Nel libro ho analizzato i 74 documenti pubblicati dagli storici polacchi, molti dei quali già noti (9 li avevo già pubblicati e altri 19 li avevo menzionati e discussi nei miei studi precedenti), riportandoli nel loro reale contesto storico e mettendo in luce le interpretazioni fallaci e arbitrarie, in alcuni casi le distorsioni intenzionali, di tali studiosi. Nell'appendice documentaria ho presentato alcuni documenti importanti omessi dagli storici del Museo di Auschwitz perché sono in contrasto con le loro interpretazioni preconcette e altri che mettono in luce le loro manipolazioni.
Il mio studio è apparso anche in inglese; l'editore ha voluto dargli un titolo più consono al contenuto: The Auschwitz Museum's Misrepresentations, Distortions and Deceptions (Castle Hill Publishers, Uckfield, 2016).

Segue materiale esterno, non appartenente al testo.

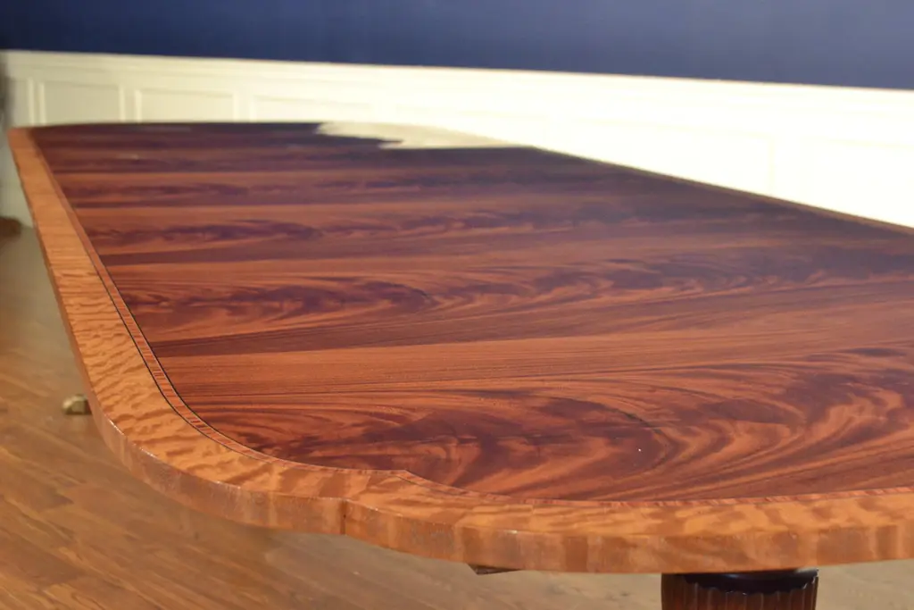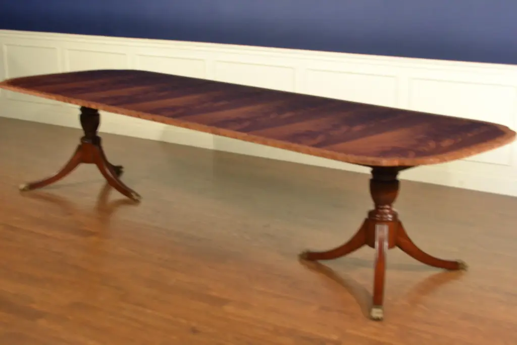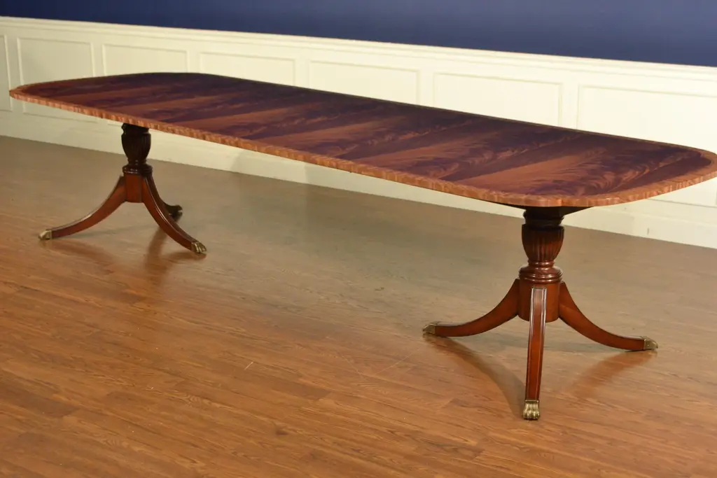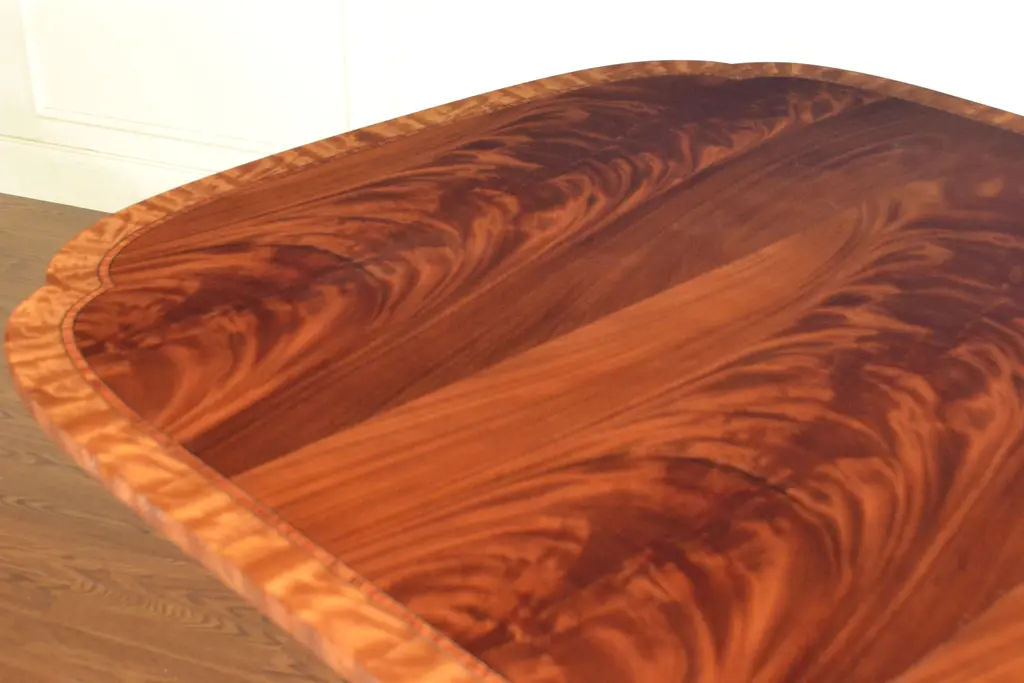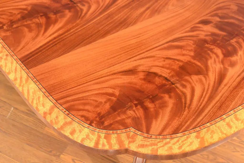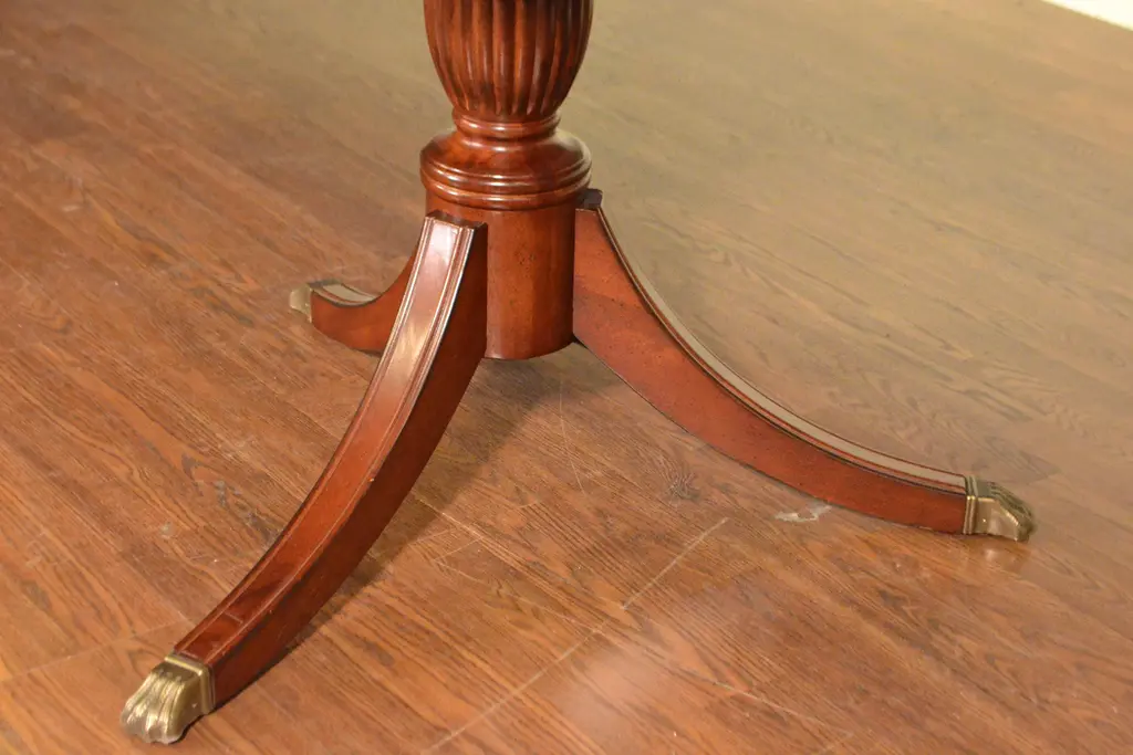 This is a made-to-order large traditional mahogany dining table made in the Leighton Hall shop. The highlight of this table is the elegantly shaped scalloped corners. It features a field of slip-matched swirly crotch mahogany from West Africa and a satinwood border from South America.It has our premier hand rubbed and polished semi-gloss finish. The pedestals have three fluted legs which terminate with antique brass lions paw feet. Dimensions: Width 46 in., length 74 in. with three 20 in. leaves (134 in. With all three leaves inserted), height 30 in. Estimated production time is 30-60 days.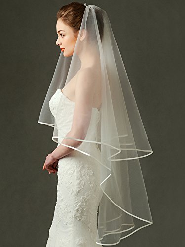 Binding : Apparel Product Description Single Layer or Two layer Veil? Here are Some Things to Consider... One layer veils are lovely with any dress and often have a more relaxed, casual feel. Single layer (also called single tier) veils are a wonderful choice for brides who want a minimal and less formal, but still chic look. A single layer veil also works well for a bride who is planning to wear their veil at the back of the head to accentuate an updo. When a bride is thinking "no veil", LynnBridal's stylists always recommend they try a single layer veil before wholly rejecting this classic accessory. The wedding veil really gives the bridal ensemble a complete look. 0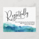 This piece will help alert your tribe that your beach wedding will be rescheduled to another time. This suite of wedding and event designs features a bold, abstract watercolor accent. The paint colors I used are a range of blue, green, turquoise, aqua and teal hues. Key phrases are rendered as elegant \\typography graphic accents using a gorgeous script font. In this piece, this "fancy" font says "Regretfully" and accent words on the back are also coordinated. Use the template fields to easily add your own details and feel free to reword any of my placeholder type to suit your own specifications.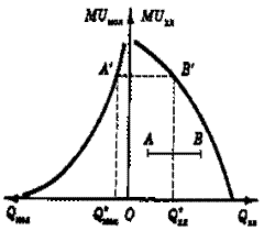 Взаимосвязь между предельной полезностью хлеба и молока.В первом квадранте изображен график предельной полезности хлеба, во втором - молока. При этом единицы измерения натуральных количеств обоих продуктов выбраны таким образом, чтобы в единицу времени можно было потребить либо единицу хлеба, либо единицу молока. Отрезок АВ представляет количество времени, которым располагает субъект для потребления выбранных продуктов питания. Чтобы определить равновесную структуру потребления, потребителю достаточно поднять "планку" АВ (сохраняя ее горизонтальное положение) до "упора", чтобы она заняла положение A`B`. Проекции точек "упора" на ось абсцисс укажут искомый набор потребляемых благ: Qхл*, Qмол*.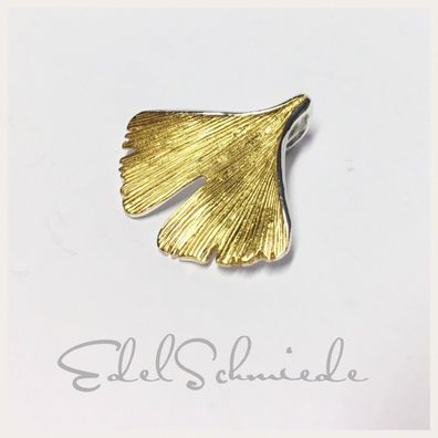 • großer bicolor Ginko Anhänger in 925 Silber vergoldet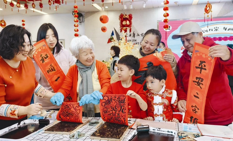 年画体验活动是现场又一亮点。杨柳青年画传承人手执年画讲述着年画背后的故事,大人小孩纷纷拿起画笔为年画上色,现场气氛热烈。新春门神与红包拓印区域同样人气火爆,市民们迫不及待动手尝试,威风凛凛的门神、寓意吉祥的红包图案逐渐清晰,大家仿佛穿越时空,与传统习俗亲密相拥。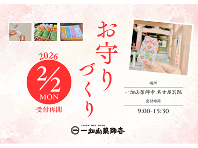 開始から1ヶ月足らずで約1,200体のお守りをお分けし、受付を一時休止していた「お守りづくり体験」が、2月2日より再始動! 一畑山薬師寺は、2026年2月2日(月)より、名古屋別院にて「お守り...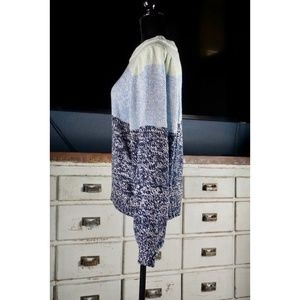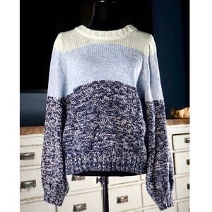A trio of different shades of speckled blue are perfectly executed on this color blocked pullover sweater.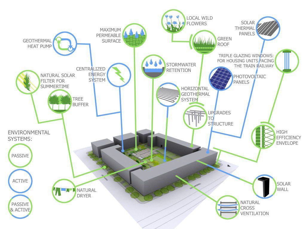Trois éléments confèrent un caractère écologique à ce projet : la densification du site, l'intégration des principes du TOD (transit-oriented development) et un bâti respectant les principes écologiques.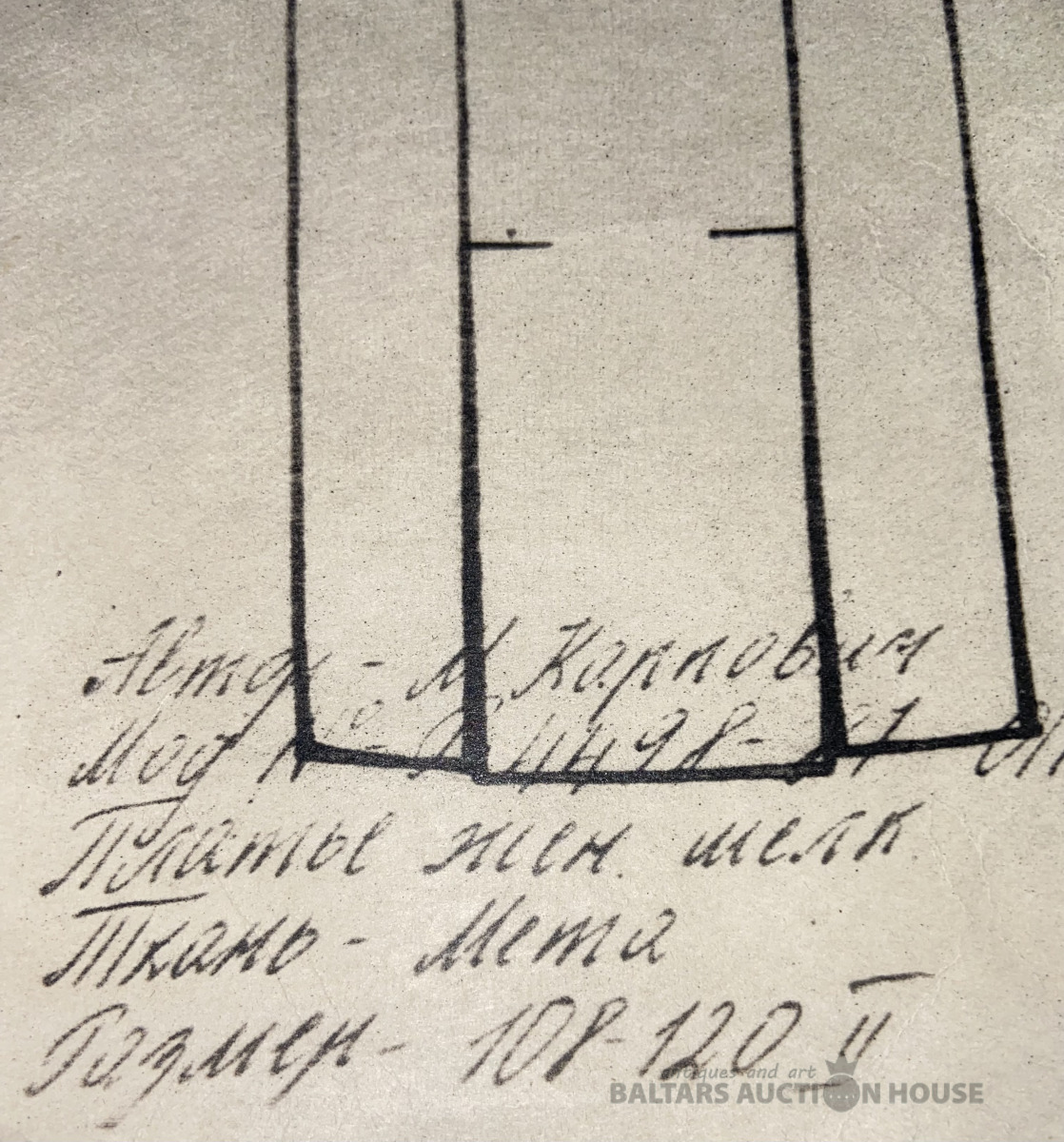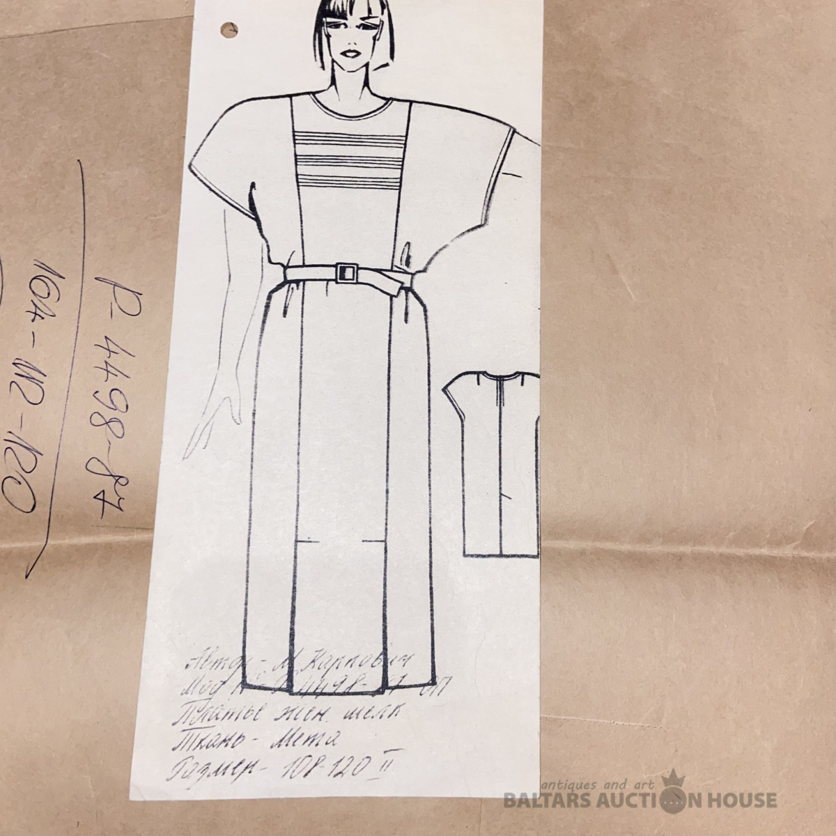 Modeļa skice: sieviešu zīda kleita, 1987. gads, Rīgas Modes nams (Nav zināms, vai visi skices detaļas ir klāt )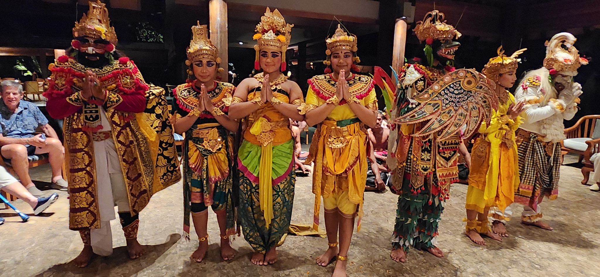 The dance show was based on a famous Hindu legend from the Ramayana, an historical work. (This is coincidentally the same story we saw last year at a Bali Bird Park dinner.) Prince Rāma leaves his wife Sītā in the care of his brother, Lakṣmaṇa. Unfortunately, the evil King Rāvaṇa has his eyes set on Sītā. An evil ally, Mārīca, disguises herself as a Golden Deer to distract Lakṣmaṇa. This enables evil King Rāvaṇa to kidnap Princess Sītā. Jatāyu the Vulture tries to rescue Sītā but is mortally wounded. Sītā is finally rescued with the help of Hanumān, the greatest of Ape Heroes.
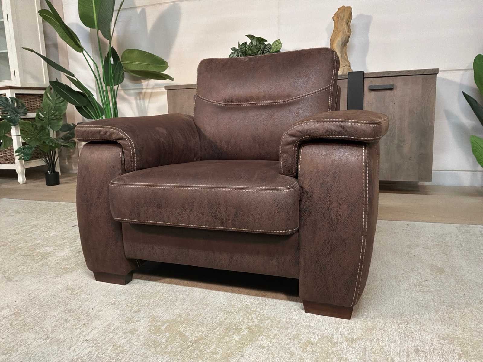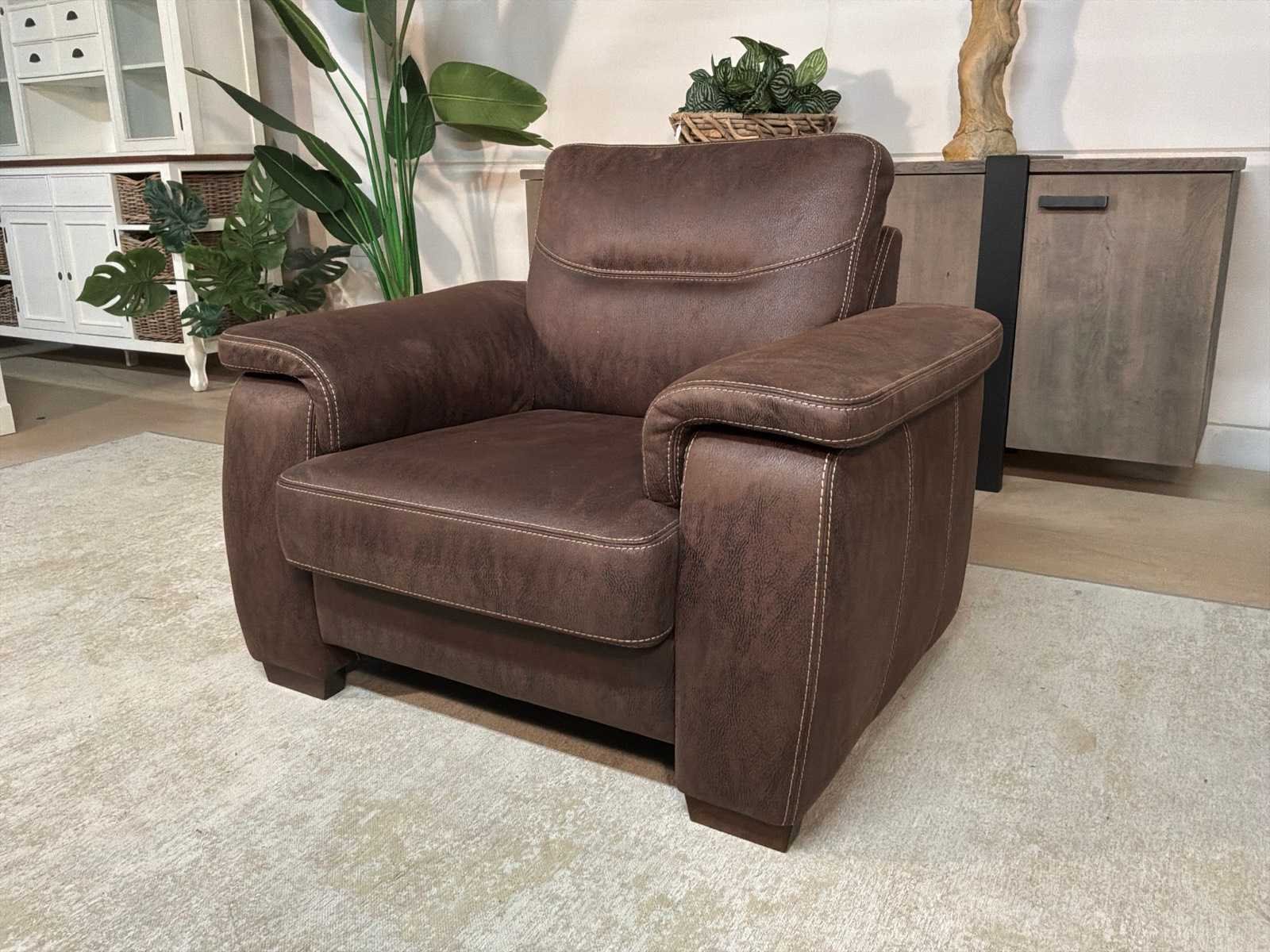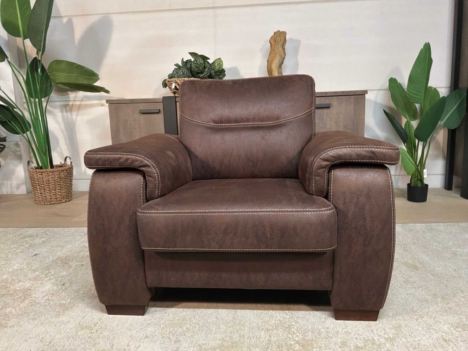 Model: Melvin Lengte: 95cm Breedte: 100cm Hoogte: 75cm Materiaal: Geborsteld leer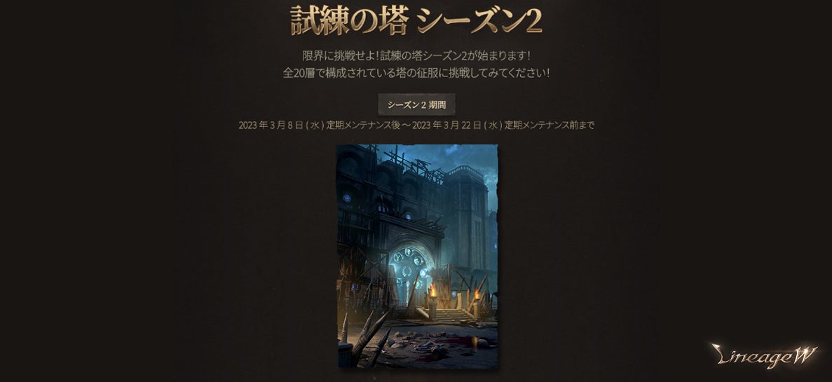 『リネージュW』最強の連合が集まり最強の武器を巡って争う「THE LAST THRONE」が3月11日より開催!人気の「試練の塔」シーズン2も本日よりスタート!

Napolitano presenta i documenti 1, 2, 3, 4, una riga del documento 8 e il documento 14 di “The beginnings of the extermination of Jews in KL Auschwitz in the light of the source materials”. La scelta dei documenti e, ancor più, i suoi commenti, denotano una ignoranza stupefacente persino degli elementi basilari della storia olocaustica di Auschwitz.
Il documento 1 è una lettera del Capo dell'Ufficio Centrale Bilancio e Costruzioni (Der Chef des Hauptamtes Haushalt und Bauten) del 4 giugno 1940 con oggetto “Forza” (Belegstärke) indirizzata alla SS-Neubauleitung di Auschwitz. Vi si dice che il campo doveva essere costruito in modo tale da poter poi accogliere 30.000 detenuti. Esso non ha la minima rilevanza in relazione al presunto sterminio (basta guardare la data!) e gli autori lo riportano soltanto perché già allora esisteva un piano di ampliamento del campo che lo avrebbe reso «il campo progettato più grande del Terzo Reich, capace di contenere più prigionieri di tutti i campi di concentramento messi insieme». E allora?
Napolitano spiega poi così i documenti 2 e 3:
«Pochissimi giorni dopo, come ci dice un altro documento, viene approvato in ogni dettaglio un piano per costruire ad Auschwitz un forno crematorio (Krematoriumsausbau). In altri termini, ad Auschwitz già dal giugno 1940 pensavano di bruciare cadaveri (doc. 2). Chi ipotizzasse che il Krematorium servisse solo a bruciare i corpi dei morti di morte naturale sarebbe smentito dalla presenza ad Auschwitz del capo della Divisione politica delle SS Maksymilian Grabner per discutere la costruzione di un’installazione di “disinfestazione” abilitata all’uso del terribile gas Ziklon-B. Era addirittura prevista una visita agli impianti dell’Oberscharführer del secondo Dipartimento delle SS, Maier.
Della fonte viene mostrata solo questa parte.